Roch Lautenbach (right), Sevastopol School District’s director of buildings & grounds, speaks during the Dec. 11 Citizens Facility Advisory Committee. Standing in the background is Craig Stranathan of Bray Architects. Photo by Jim Lundstrom.

“Board members gave me a list of residents of the district, so I sent them a letter inviting them to serve on the committee and we sent a postcard to every mailbox of residents in our district, inviting them to join up. All are welcome,” Luedtke said.

At the Dec. 11 meeting, 29 people took part in the committee, which first heard options from the Bray representatives and then broke into small groups for discussion before returning to the large group. There were also several members of the public observing from the sidelines.

“Bray divides us into small groups for discussion, and every time we mix up who you’re sitting with to get different minds thinking together,” Luedtke said.

While Luedtke said it is far too early in the process to see a clear path to one of the options, he said, “It’s obvious something needs to be done. The next couple of meetings will give us even more focus on our direction.”

Here are the options that were presented, with very ballpark figures:

Option 1:  Infrastructure upgrades of roofing, windows, plumbing, HVAC and electrical. No additions or renovations. Cost range:  $3.6 to $3.77 million.
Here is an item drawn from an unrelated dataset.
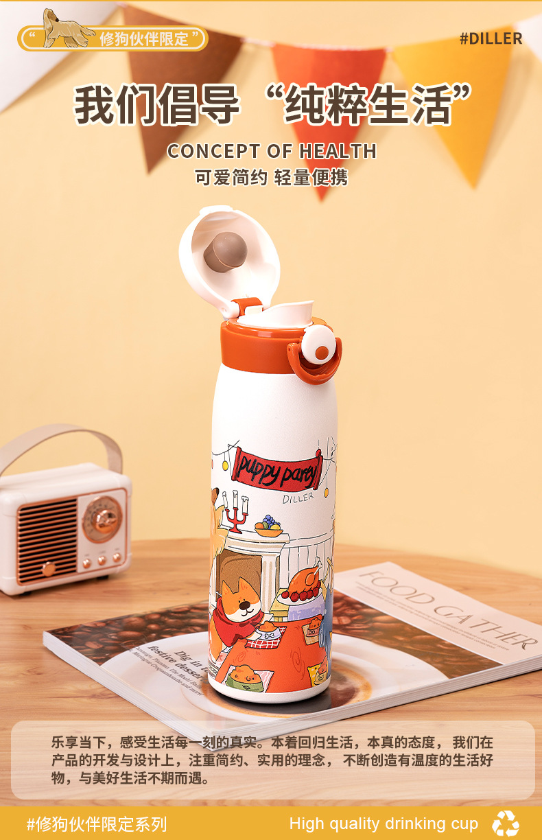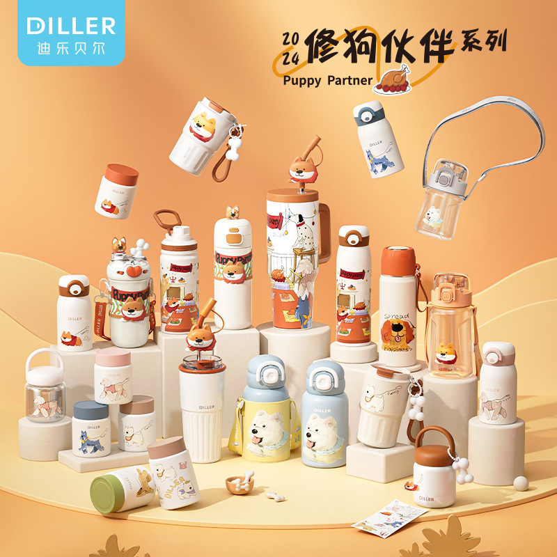迪乐贝尔新款修狗系列水杯女士保温杯学生水壶成人直饮杯便携喝水杯吸管杯大容量杯子

Option 2:  Demolish the 1924 structure and replace with a two-story addition for grade school, infrastructure upgrades to the middle and high school as well as additions and renovations to the tech ed, commons, cafeteria and kitchen. Cost range:  $35 to $37 million.

Option 3:  Build a new two-story all-grades building on district property. Cost range:  $47.5 to $50 million. Stranathan of Bray referred to this as the “pie-in-the-sky” option. However, several committee members seemed to voice support for building a new, 21st century school.

Option 4:  Infrastructure upgrades and renovations for the middle and high schools and a new two-story elementary addition. Cost range:  $31.5 to $33 million.

One thing Luedtke wants to do to propel the process, and he will ask the school board to do so, is spend $3,300 to have the Applied Population Laboratory at the University of Wisconsin-Madison do a future population study.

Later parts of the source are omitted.